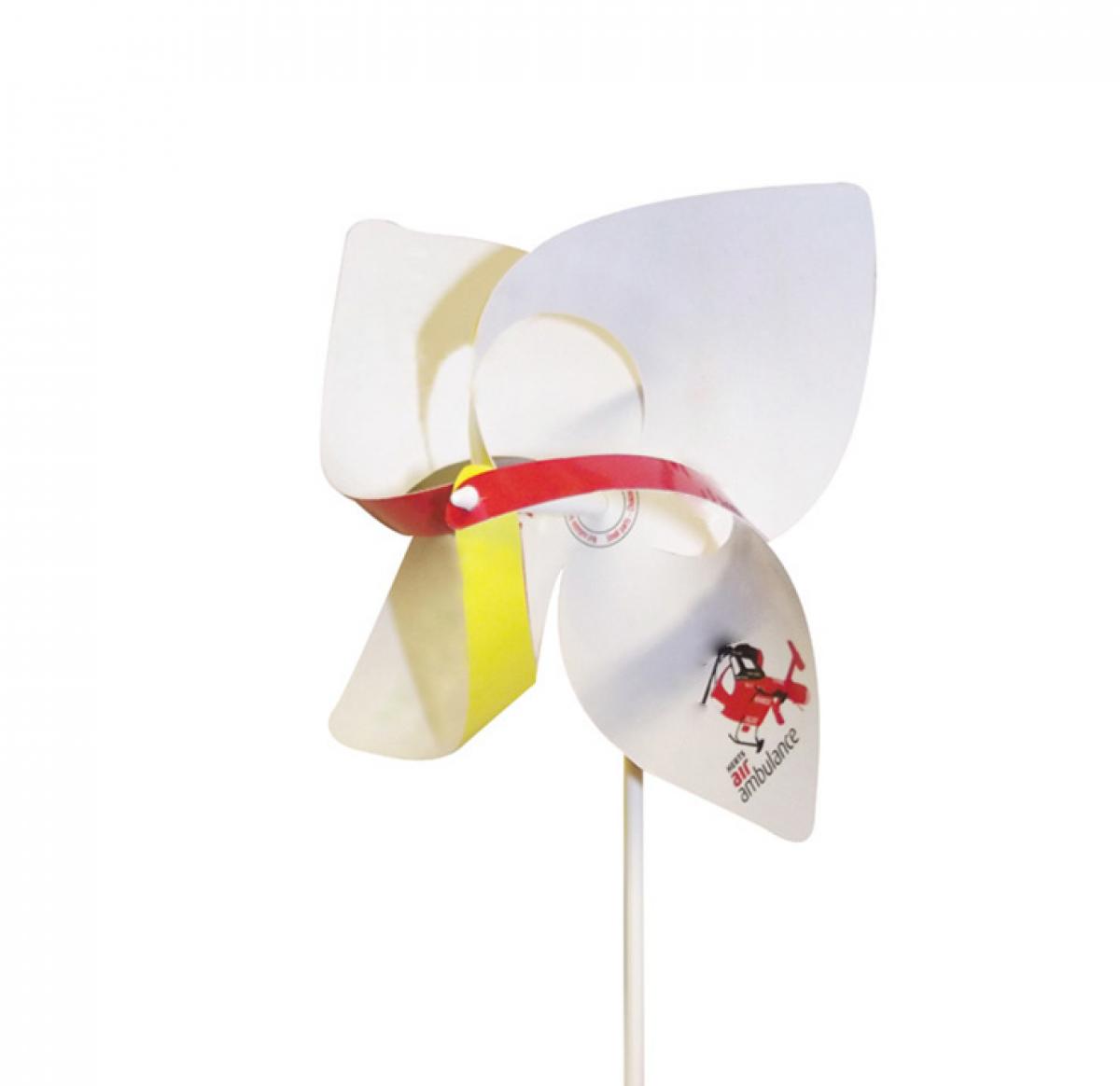 Supplied Flat Pack, this fun little windmill can be printed up to 4 col process on the vanes and comes complete with a plastic stem ready to assemble.There are 3 designs to choose from Breeze, Mistral and Chinook
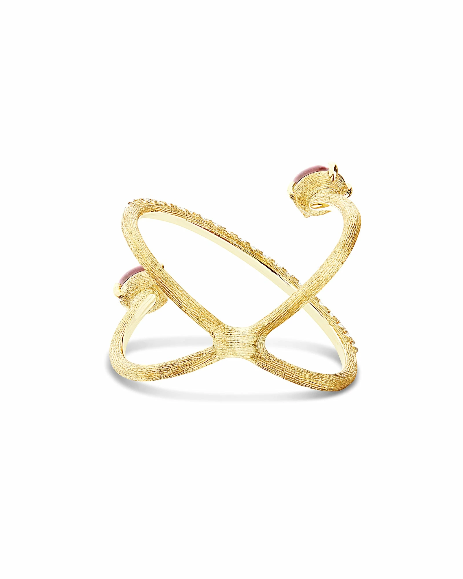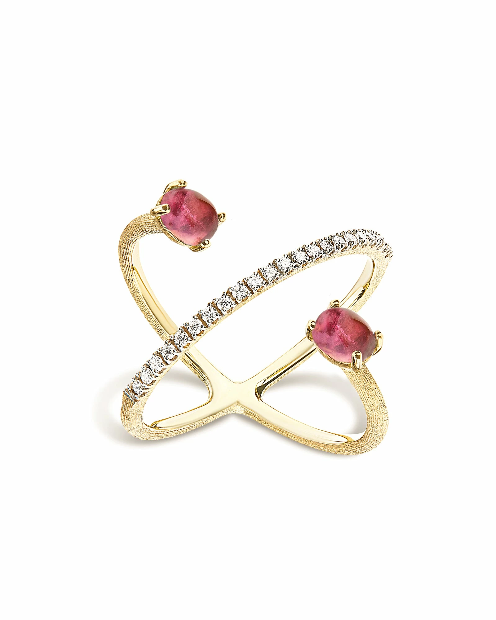 An 18kt gold ring with an unusual design. Two very colorful pink tourmaline boules, one of the most fascinating stones that Nature offers us, chase each other through a splendid rivière of diamonds, in a jewel that embraces the finger with lively elegance.
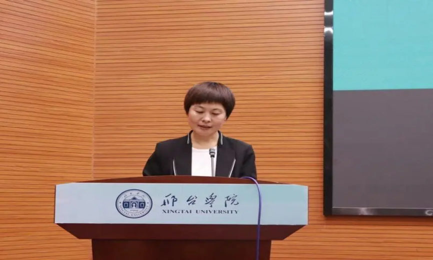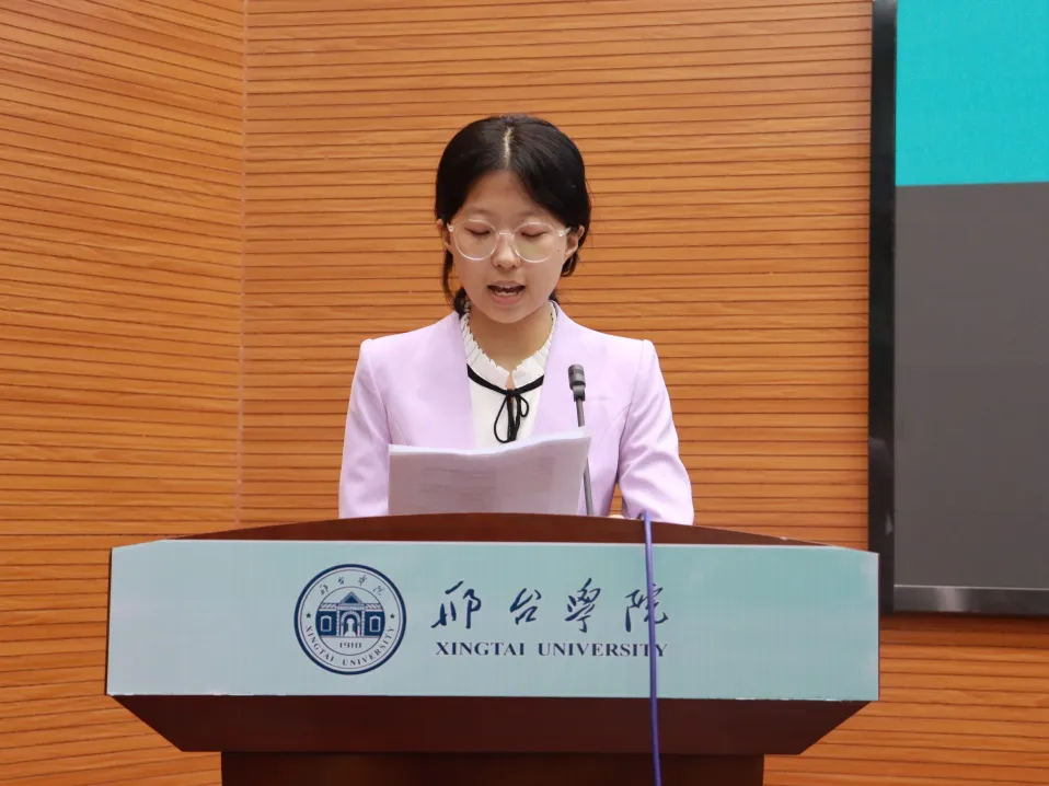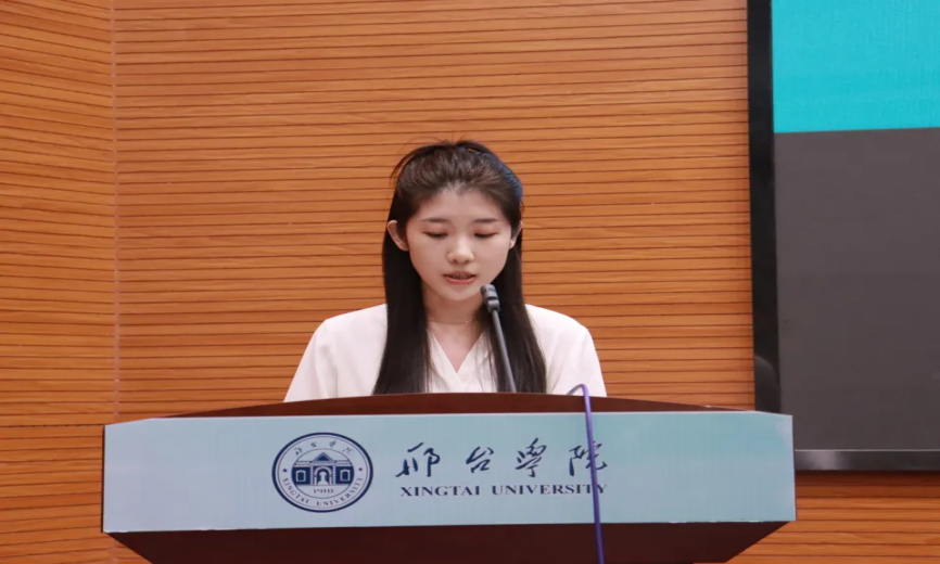 教师代表张少娟老师发言。张老师希望新生可以始终“与时代同行,与国家同在”,传承与发挥邢台学院的光荣传统与精神内核。
# # # # #
◆ **Activity**
Give the data again exactly as it appears, but without any images.

◆ **Expected answer**
 Supplied Flat Pack, this fun little windmill can be printed up to 4 col process on the vanes and comes complete with a plastic stem ready to assemble.There are 3 designs to choose from Breeze, Mistral and Chinook
 An 18kt gold ring with an unusual design. Two very colorful pink tourmaline boules, one of the most fascinating stones that Nature offers us, chase each other through a splendid rivière of diamonds, in a jewel that embraces the finger with lively elegance.
 教师代表张少娟老师发言。张老师希望新生可以始终“与时代同行,与国家同在”,传承与发挥邢台学院的光荣传统与精神内核。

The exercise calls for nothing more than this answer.